Die klinische Manifestation wird in 3 Stadienunterteilt: frühes Stadium (Stadium 1), früh-disseminiertes Stadium (Stadium 2) und spät-disseminiertes Stadium (Stadium 3). Die Inkubationszeit umfasst eine breite Spanne von einigen Tagen bis hin zu einigen Wochen oder Monaten. Die Manifestation im frühen Stadium erfolgt häufig in Form kutaner Symptome als Wandererythem (Erythema migrans) nach 7-10 Tagen. Im disseminierten Stadium, welches nach einigen Wochen, bis Monaten oder Jahren auftritt, können das Nervensystem, in Form von Meningitis, Bannwarth-Syndrom oder Enzephalitis und das Herz, in Form von Lyme-Karditis, sowie große Gelenke in Form von Lyme-Arthritis betroffen sein.

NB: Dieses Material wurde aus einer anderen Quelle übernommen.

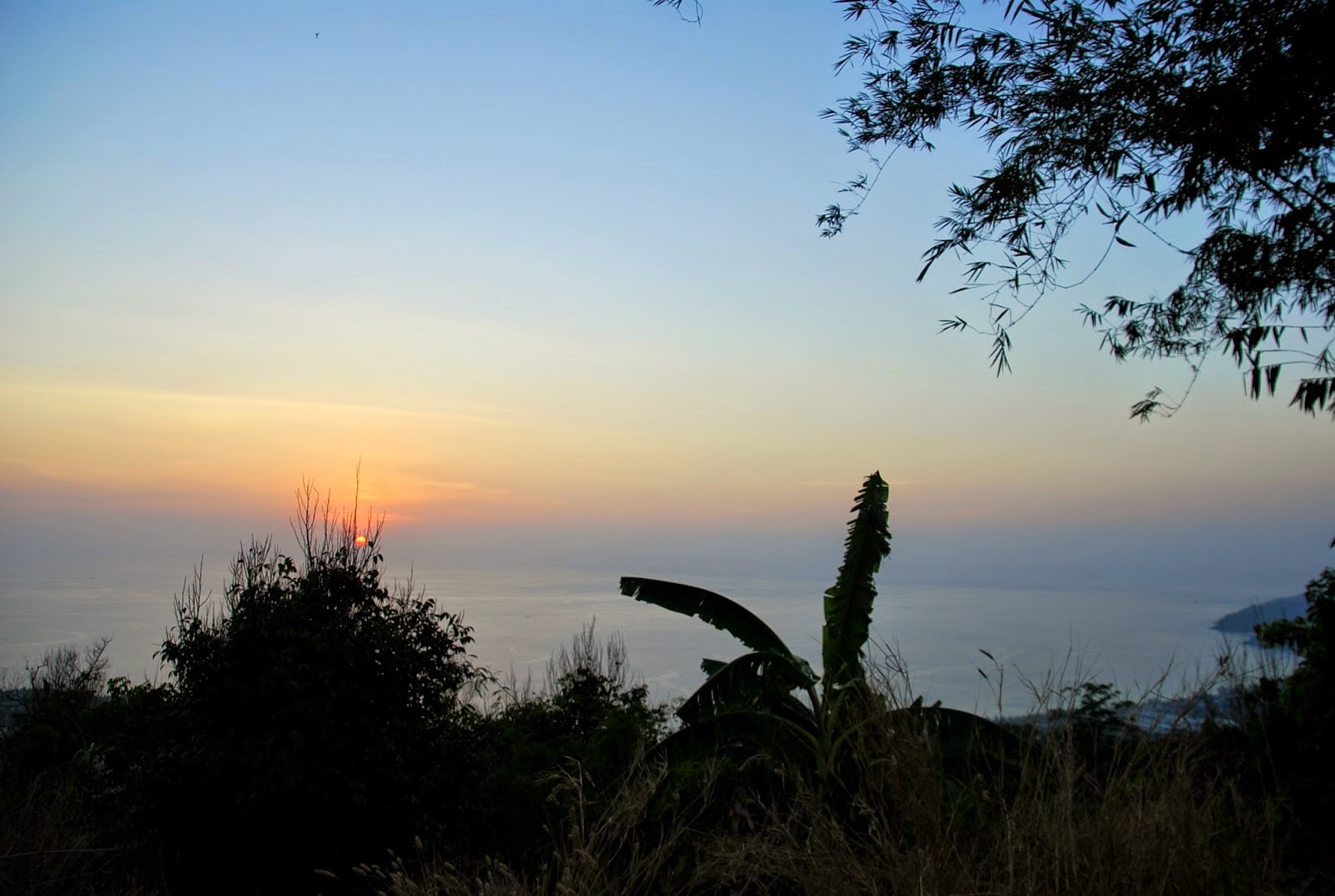 I knew that the sun sets relatively early here. When I checked my phone for the actual time, I got a little shock. I had only 20 minutes left and I was quite far away. Quickly I packed my things and rushed to my scooter. The road up to the Nakkerd hill is very curvy and steep and there are a few speed bumps on the way. You have to drive very carefully, but since I was in a rush, I was driving a bit irresponsible. I was driving fast and started to slow down just a bit before the speed bumps and after I had driven past them, I started to go faster again. The sun was already very low, but I really wanted to make it. Once I reached the Big Buddha statue, I parked my scooter and rushed to the viewing platform, just to discover that it was completely empty because you can only see the sunset from the other side of the hill. So I was rushing back to my scooter and drove down the country road a bit. I stopped at the first given opportunity where I could get some good pictures. I photographed through trees and bushes and got the chance to capture how the sun slowly started to sink and disappeared in the Amandan Sea. I made it in time and the thrill I had before was all worth for that view. After I got my picture I drove a bit further down the road. On the way there are many, really simple restaurants and bars, from where you can watch the sunset, while you enjoy a drink or a meal. I stopped at the first bar, I saw on the way. From up here you have a beautiful view of the Chalong Bay and Karon. The sky is colored in red, pink, yellow and blue and it is a magical moment to watch the houses get lid up in the valley below. You can also see the lights from the boats far out in the sea.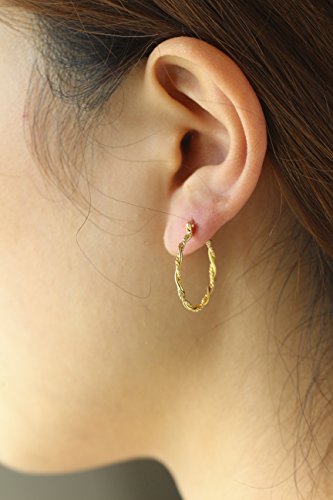 The 14k gold earrings make a wonderful gift idea for wives, girlfriends, moms, coworkers or friends on special occasions such as birthdays, anniversaries and Valentine's day. Each pair of our medium twisted hoop earrings arrives in a small gift box, making them ready to give to that special lady in your life without the need for extra wrapping.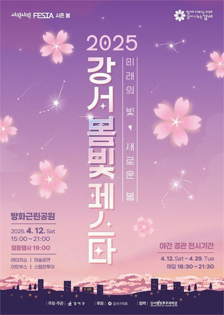 서울 강서구가 오는 4월 12일 토요일 오후, 방화근린공원에서 ‘2025 강서 봄빛페스타’를 개최한다. 이 축제는 ‘미래의 빛, 새로운 봄’을 주제로, 빛 조형물에 미디어아트와 인공지능 기술을 접목한 이색적인 야간 축제로 펼쳐진다.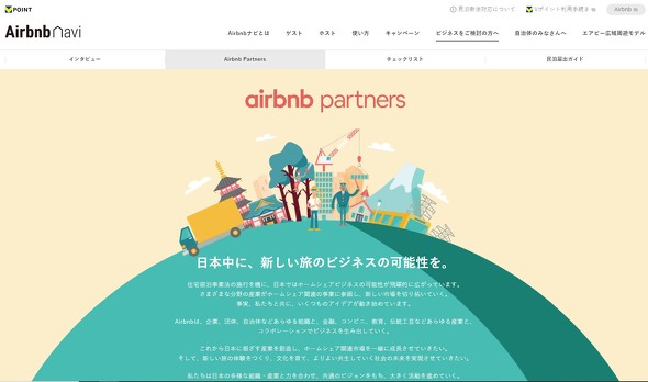 Airbnbでは「Airbnb Partners」という外部企業とのゆるやかなパートナー組織があって、そこにはANAやCCCなど、140社ぐらいの日本企業が入っています。Airbnbは外資の企業ですが、これら日本企業と一緒に「もっとこうしよう、ああしよう」という話を毎年させていただいています。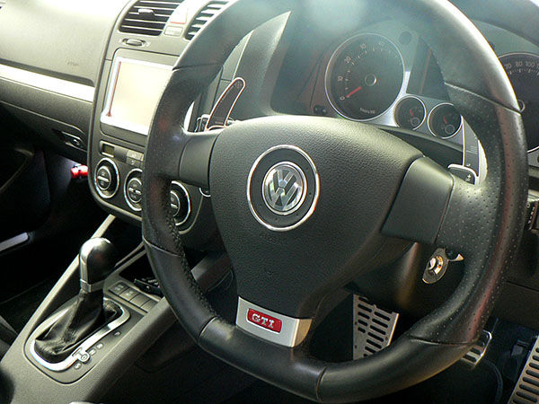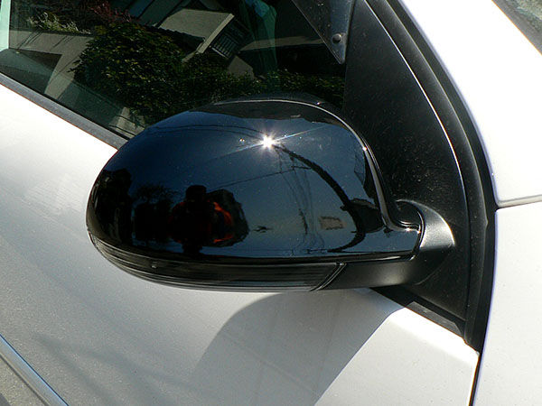 次のお客さまは、ホワイトのGolf5 GTI (MY2008)で、VW Piano black Mirror Caps (Golf5)と、Passat CC Window Switch(Passenger/ Rear)×2個を装着しました。Golf5の場合、ブラック以外のボディカラーで艶ありブラックのMirror Capsを組み合わせた仕様はノーマルでは存在しません。ホワイト等のボディカラーでMirror Capsを艶ありブラックにするのはGolfRで設定された仕様ですが、このコーディネートをGolf5に施すと、じつに新鮮な印象になります。フォーマルな印象とスポーティな雰囲気を両立できる効果的なモディファイです。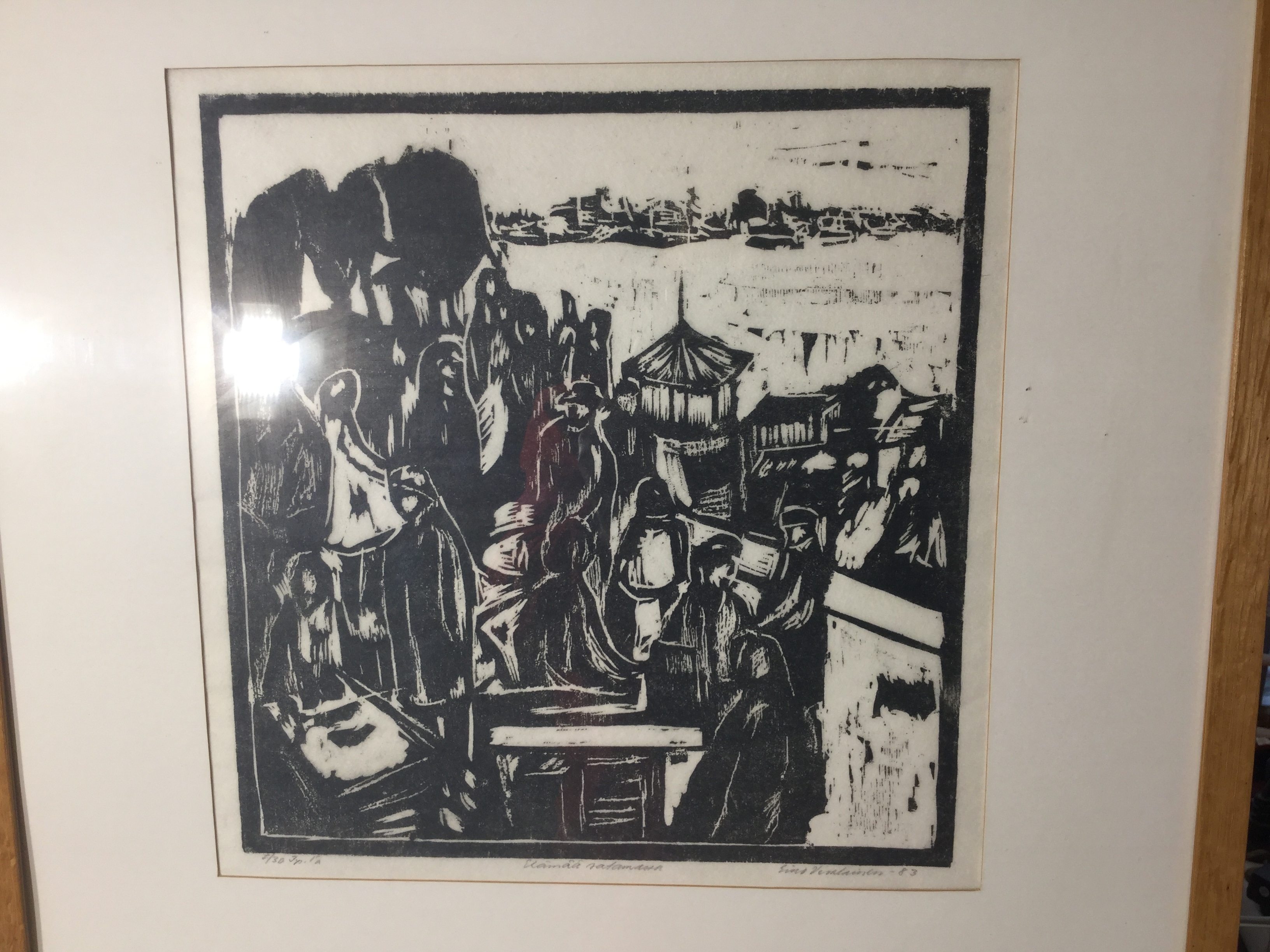 Takaisin: Taulut Taulu Eino Vesalainen Kuvaus Elämää satamassa v 1983 Kehys 53 x 68 Taulu 30 x 32 55,-

Die Diagnostik erfolgt primär durch die klinische Präsentation klassischer Symptome, wie z.B. das Erythema migrans und kann mit einer Infektionsserologie und ELISA-Suchtest bestätigt werden. Eine Infektionsserologie bei negativem klinischen Befund, vor allem kurz nach Zeckenstich, ist wegen der geringen Sensitivität, sowie des diagnostischen Fensters, nicht indiziert.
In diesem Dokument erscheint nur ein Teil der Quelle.